Since Mrs. Chappellsmith knew for what purpose I solicited information in regard to her life, I do not think that it will be out of place to quote directly from her own interesting letter.

"I lectured in many parts of London and its environs, in the chief cities in the midland and northern parts of England, and in Scotland, in the neighboring manufacturing districts, and in other places. My lectures were on—

"'Competition and Co-operation.'

"'The Formation of Character.'

"'Education of Women.'

"'The Commercial Condition and Prospects of England'

"'Money—and the Evils of Paper Money in Competitive Society.'

"'Owen at New Lanark.'

"Four lectures 'On the Character, Political Principles, and Writings, of William Cobbett.'

"'My Reasons why I, having been a Calvinist, have Become an Infidel.'

"'The Character of the Priesthood as Given by Themselves.'

"Five lectures 'On the Protestant Reformation,'

"'Marriage, and the Propriety of Divorce when the Marriage is Productive of Misery.'

"In this last-mentioned lecture I urged that a state of society be instituted in which youth and maiden should be better educated than they now are, so that both may better understand themselves and what is requisite to their happiness in their intended partners in marriage; in which they should be educated for marriage, and have more direct moral education than they now have; in which they should be taught that the one enduring, wisely and virtuously formed marriage would produce the greatest amount of happiness that could arise from any union of man and woman; and in which the young people, being brought up together as members of one family, would have sufficient opportunity of knowing each other's characters before marriage.

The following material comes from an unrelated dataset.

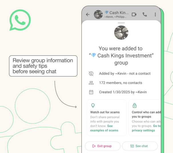 New WhatsApp anti-scam features: Meta will begin showing warning screens whenever strangers add users to new WhatsApp groups. Group content and notifications will be paused until users can review the group and opt to stay or leave. Meta designed the new feature as one of its anti-scam defenses.

"I lectured on some other subjects, but in all I showed the evils of the existing state of society, and endeavored to create a public feeling in favor of Co-operation and Communism. I frequently took part in public discussions on religion, taking the Infidel side; and spoke at public meetings against Freetrade lecturers, showing that Freetrade would not, as these lecturers said, remove or mitigate the misery that always abounds in rich England.

"I am not, and never was, fond of a public life; I yielded to the request of friends, who said that I ought to say to the public what I was in the habit of saying in my father's shop. William Cobbett's intimate friends requested me, and Robert Owen urged me, to lecture; and after I commenced, invitation after invitation came, and so I went on; but at last my husband and myself commenced bookselling, and soon I was compelled to decline all other invitations to lecture."

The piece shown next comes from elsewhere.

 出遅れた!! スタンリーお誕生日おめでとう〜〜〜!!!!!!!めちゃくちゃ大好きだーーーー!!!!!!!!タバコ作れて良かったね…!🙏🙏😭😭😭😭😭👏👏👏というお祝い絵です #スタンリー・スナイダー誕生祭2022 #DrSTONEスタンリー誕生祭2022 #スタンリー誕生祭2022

We are not told when or why the Chappellsmiths came to America, nor whether they have ever lived anywhere in the New World save in Indiana; but we can guess that after the breaking up of "the English Brook Farm," as Conway appropriately names the community at Broughton, these enthusiastic believers in a possible and successful Socialism would naturally look to the younger, freer country as the proper field for its realization; and, fresh from association with Owen and with Harmony Hall, what place would be so likely to attract them as Owen's New-World experiment with human nature—New Harmony, Indiana? There, for many years, Mr. and Mrs. Chappellsmith have made their home, and there they still continue to reside.

Both still find time to write on those topics of most engrossing interest to them, and to which they have devoted the greater part and the best energies of their lives—Freethought and Labor-reform.

Mrs. Chappellsmith is now publishing a series of papers on "The Historic Value of the Gospels"—papers which indicate great research and patient study, and which will, if issued in book form, be extremely valuable for reference and authority on that subject.